01-19-2013, 08:07 PM
(Ten post był ostatnio modyfikowany: 01-19-2013, 08:48 PM przez unclefucker.)
..brakuje tylko kisielu 
edek bez kredek...a tak na marginesie, nigdy nie miałem fendera z microtiltem i żałuje, że nie mogę wtrącić swoich 3 groszy do tej dyskusji...

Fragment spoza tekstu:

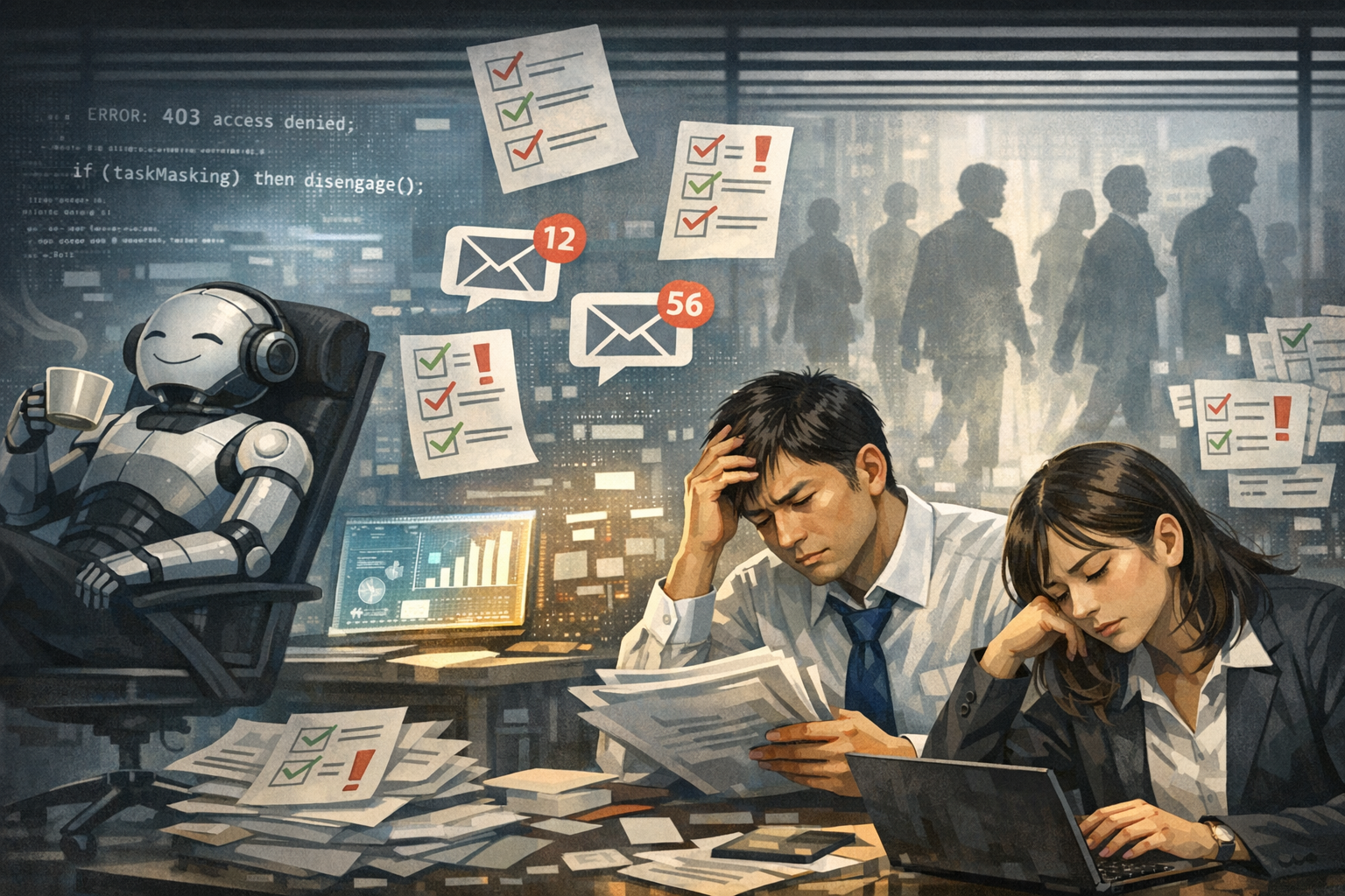 ここに生成AIとリモート/ハイブリッドが重なると、組織の“設計不備”が一気に露呈します。生成AIは、知的生産のうち「調査・整理・草案・量産」といった0/1化しやすい工程を圧縮します。これは本来、余力創出に効く。しかし評価やマネジメントが アウトカム(成果)ではなくインプット(作業量・稼働感) に寄ったままだと、合理的な振る舞いは「短時間で成果に近づく」ではなく「忙しさを演出し続ける」になります。いわゆる“task masking”は、優先度の低い活動で生産性を装う行為として説明されています。peoplemanagement.co.uk

ale mam kilka z lat 70tych i po ostatnim przygarnięciu kolejnego precelka stwierdzam, że wszysktkie które posiadałem i które posiadam, leżą blisko obok siebie, różnią się niuansami na które i tak wpływ ma osobista wizja brzmienia "idealnego". Dla jednej osoby ciemne brzmienie jest bogiem, jasne bez wyrazu a dla innej odwrotnie. Dlatego to jest tylko takie forumowe pierdolenie, które raczej nigdy się nie skończy. Inną sprawą jest, że może po prostu wśród nowszych fenderów zdarza się większa ilość brzmiących inaczej
np. miałem JB Deluxa 5 MIA i to dla mnie była porażka na całej linii, był to pierwszy instrument fendera jaki miałem okazje zakupić sobie na własność, wtedy lubiłem go, ale mimo to dalej szedłem w las, odkrywałem coś innego, coś co bardziej mi pasowało, aż zaszedłem do roku 68, głębiej już kasa nie pozwolila, ale mimo tego, że ciągle mam tego jazza z 68 to wraz częsciej biorę w ręce roczniki 70te
..jeszcze muszę dodać, ze nie jestem żadnym zawodowym muzykiem, lecz zwykłym amatorem, który kocha gitarę basową jaka by nie była i wydaje mi się, że większość rzeczy jakie tu się pojawiają można włożyć gdzie się chce...bo kogo to obchodzi, jedynie nas
.
edek bez kredek...a tak na marginesie, nigdy nie miałem fendera z microtiltem i żałuje, że nie mogę wtrącić swoich 3 groszy do tej dyskusji...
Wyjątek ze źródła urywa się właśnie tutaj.